When the policy is not being applied you will find something
like this indicating that the default policy is in use:
"
networkRoamingPolicy": {
" allowIPVideo "
: true ,
"mediaBitRateKb"
: 50000,
"policyDocument ":
"Default "
When the Network Roaming policy has been successfully
deployed you should see the Network Roaming Policy section of the file display information about the policy that the client is implementing.
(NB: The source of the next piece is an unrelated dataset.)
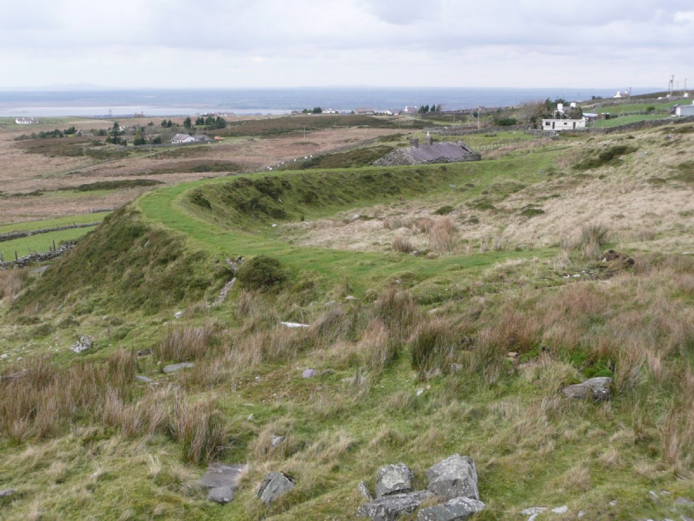 Looking down on the course of the tramway. The curved embankment in the foreground leads the track away downgrade through a further series of curves to Drumhead, just off picture to the left. The trackbed can be seen above the roof of the derelict building in the foreground. Wicklow Hills on the horizon, top left.

Importantly, the trustedIpMatchInfo and siteMatchInfo sections must say that they have "Matched" one of the policies.
Current MT location
response:
{
"emergencyCallingPolicy": {
"policyDocument":
"Default"
},
"emergencyCallRoutingPolicy": {
"emergencyNumbers": [],
"policyDocument":
"Default"
},
"networkRoamingPolicy": {
"allowIPVideo": true,
"mediaBitRateKb": 300,
"policyDocument": "TeamsNetworkRoamingPolicy=Tenant:300kbps"
},
"endpointNetwork": "Trusted",
"networkSiteId": "Low Bandwidth Site",
"enableLocationBasedRouting": false,
"siteAddress":
"Low Bandwidth Site",
"subnetId": "10.1.0.0",
"debugInfo": {
"ncsDebugInfo": {
"trustedIpMatchInfo": {
"publicIp": "50.1.2.100",
"trustedIpAddress":
"50.1.2.100",
"maskBits": 24,
"reason": "Matched",
"_comment": "Match
Client Public IP to Tenant Trusted IP"
},
"siteMatchInfo": {
"ipv4": "10.1.0.180",
"subnetLengthIPv4": "24",
"subnetId": "10.1.0.0",
"maskBits": 24,
"networkSiteId": "Low Bandwidth Site",
"enableLocationBasedRouting":
false,
"reason": "Matched",
"_comment": "Used to
match endpoint subnet to Tenant site if trustedIpMatchInfo matches"
},
"networkLocationMatchInfo": {
"bssid":
"74-ac-b9-2e-f3-b3",
"ipv4": "10.1.0.180",
"reason":
"NotMatched",
"_comment": "Used to
find emergency address,against Tenant Location Network Information (LIS),
otherwise against Client Geo Location Information (CLS) if available"
}
},
"mtDebugInfo": {
"isDirectRoutingOnlyUser":
true,
"emergencyCallingPolicyTag":
"Default",
"emergencyCallRoutingPolicyTag": "Default",
"networkRoamingPolicyTag":
"TeamsNetworkRoamingPolicy=Tenant:300kbps",
"emergencyCallingPolicyAssignedTo": "Tenant or Host
Global",
"emergencyCallRoutingPolicyAssignedTo": "Tenant or Host
Global",
"networkRoamingPolicyAssignedTo":
"Network Site",
"ncsResponseReceived": true,
"correlationId": "1DEF3C2C47D64C1EB7060657876ECE95"
}
}
}
The Wrap Up
Awesome - now you can walk up to random people on the street and tell them about how you know all about Teams Network Roaming Policy. Believe me, they will be thrilled to hear all the details. Especially the bit about the AllowNetworkConfigurationSettingsLookup setting. That one really cracks them up. Cheers, Enjoy!